Tuesday, August 5, 2008

Road to Carnival


By going to the Boca/River game we successfully traveled 6 hours in the wrong direction for getting to Carnival. We spent 12 hrs in Mar de Plata to see the game and go to the beach. We spent as much time on the bus as we did in getting there. It is as if we were 19 again and had made a beer run from Portland, Oregon to the Canadian border. Upon leaving on the 2 am bus back to BA we decided to go for the luxury seats so that we might be able to sleep a bit better as there would be four days of hard traveling to make it to Carnival on time.

We soon discovered that after a night on ANY bus you reach Vegetative State 2. This state is recognized by a sore back, and restlessness. We had a few hour to kill in BA so we were able to collect our thoughts and prep ourselves for the 20 hr bus to the Brazilian border. We brought the chess set, books, food, Rubik's cube, and a Portuguese study guide, but by the time we got off the bus at the border we had passed into Vegetative State 3.

Vegetative State 3 is indicted by long periods of lost time, zoning out, unresponsiveness to punches in the arm, and emitting a body odor that no cologne can cover up. We were lucky though because we had to cross the border independent of the long bus systems. Even though we had to think and process information in a country that did not speak English or Spanish, by the time we got back onto the long haul bus we were only back to Vegetative State 1 which is the lack of desire to talk because everything you have have to say that is interesting or uninteresting has already been said.

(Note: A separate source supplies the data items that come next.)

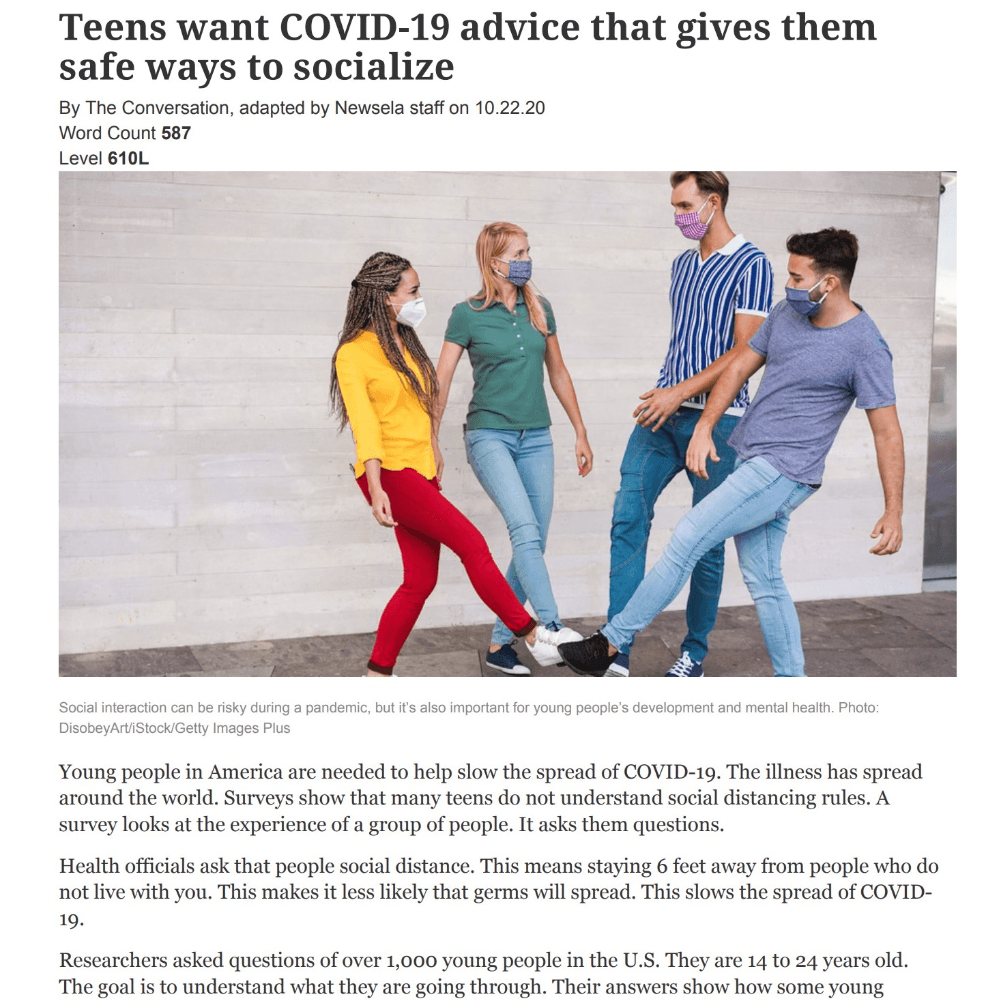 "Teens want COVID-19 advice that gives them safe ways to socialize"
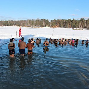 Mroźna, ale słoneczna pogoda i szczególna okazja, czyli finał WOŚP sprawiły, że dziś przed południem parkingi przy zalewie były prawie pełne. Na morsowanie zdecydowało się wiele osób, w tym sporo rodziców z dziećmi. Wielu śmiałków wzięło udział w nieformalnym Biegu w samych gaciach wokół zalewu. Niektórzy wyzwanie potraktowali naprawdę dosłownie.
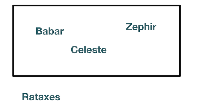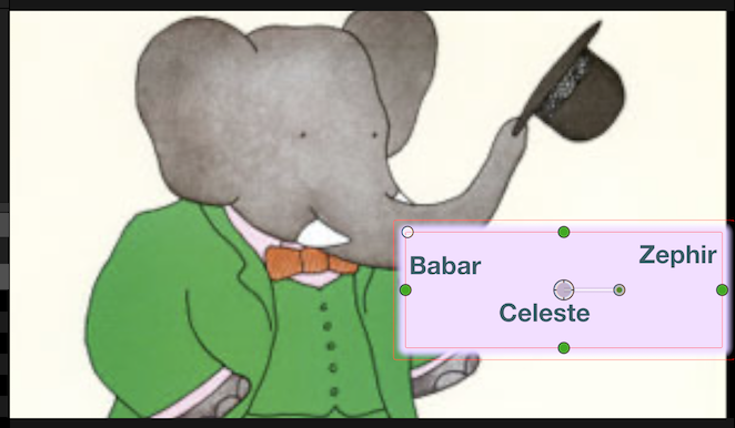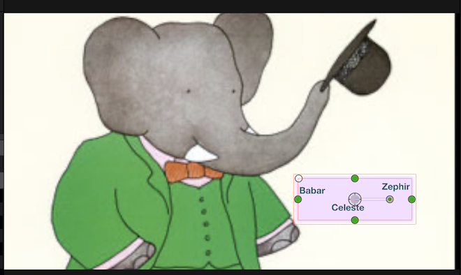 Notice how the contents of the rectangle were scaled up, but the rectangle is still the same size - now showing the word Celeste in a larger size. Go back and adjust if necessary (for instance, here we can still see the edge of the word "Babar" in the corner):
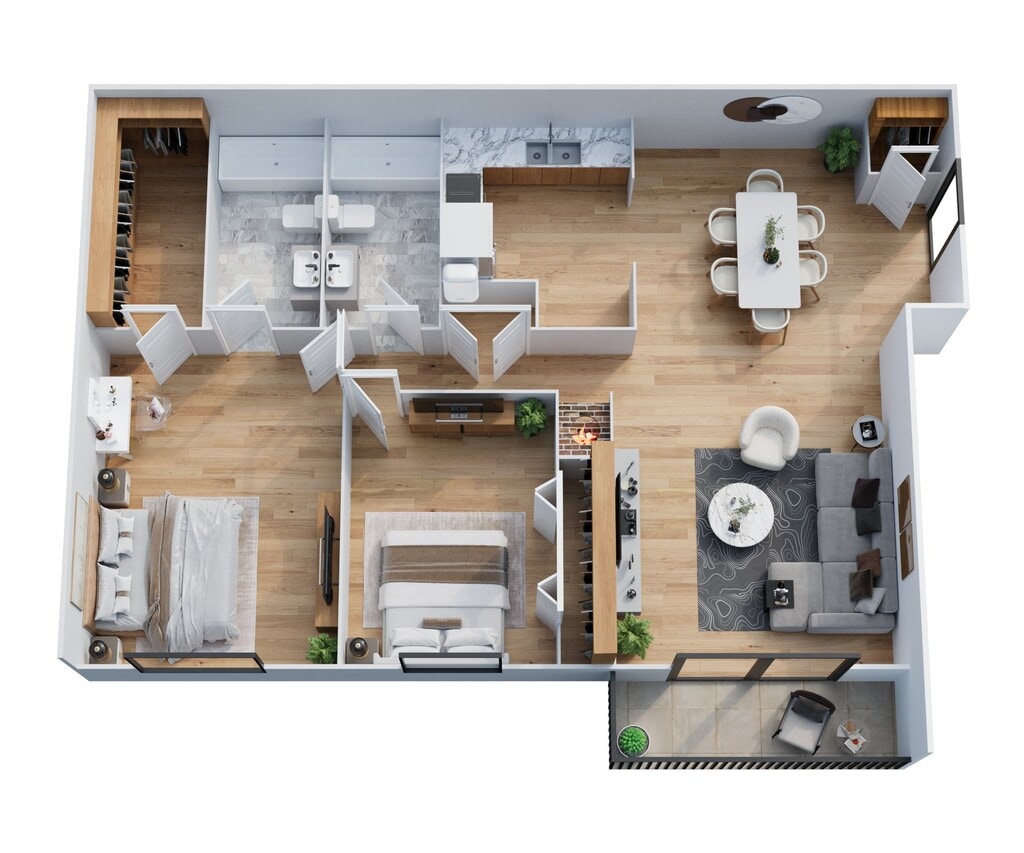 2 Dormitorios, 2 Baños, 1000 pies²Disponible AhoraGalería del Modelo
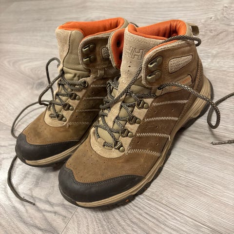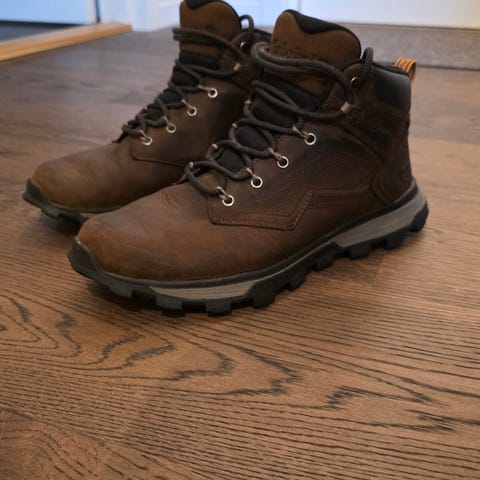 Vintersko i høy modell i burgunder farge, størrelse 40. Skoene har snøring foran og kraftig yttersåle med grovt mønster tilpasset fotturer.

While at the border we did have to opportunity to jump out to see the famous Iguaçu Falls. No one picture can capture the immenseness of the falls. Interspersed through this blog post are a series of pictures that show parts of the falls, but the quantity of water, shape, and grandness of the falls is unmatched. They are probably 60 meters tall, but over a kilometer long. There are national parks on both the Argentine side and the Brazilian side, and both have their perks. In terms of getting to the water and getting wet, the Argentine side is better, but the Brazilian side is more photogenic. It was nice to just stroll around and have a look at something that was not the inside of a bus.

No movies in any of the Brazilian buses was a huge disappointment and a large part of the reason why I forgot where we transferred. It could have been Sao Paulo or Rio de Janeiro, this memory loss along with with the drool covered shirt indicate that I reached Vegetative State 5 on this bus. Vegetative state 5 is recognized by the desire but in ability to sleep or think. One may feel as though the brain has been removed from the body.

We got to the city about midday, and discovered we had to get across town in 15 minutes to make the bus. As that was not going to happen we ended up with the afternoon in what we discovered was Sao Paulo as we came back down the vegetative state chart. We had lunch and watched a movie, and the back to the bus stop were we got back on the bus for our final and longest leg. All night and the next day and night we traveled on the bus. It is unknown what the final vegetative state was because we had obviously blacked out and thus had been above level 6 (if level 10 is brain dead and breathing machine).

In the bus yard in Bahia da Salvador, after all the passengers had gotten off, the maid came on to clean the bus and found us still there. She freaked out, started screaming and babbling in some strange language that I didn't recognize, and beating us over the head with her mop. That brought us back to life enough to grab our bags, tumble off the bus and start to give human form to the blobs that we called our bodies.

"We're soooo there!" Dave exclaimed.

"Hang on," I said, "I need to sit down for a couple of minutes."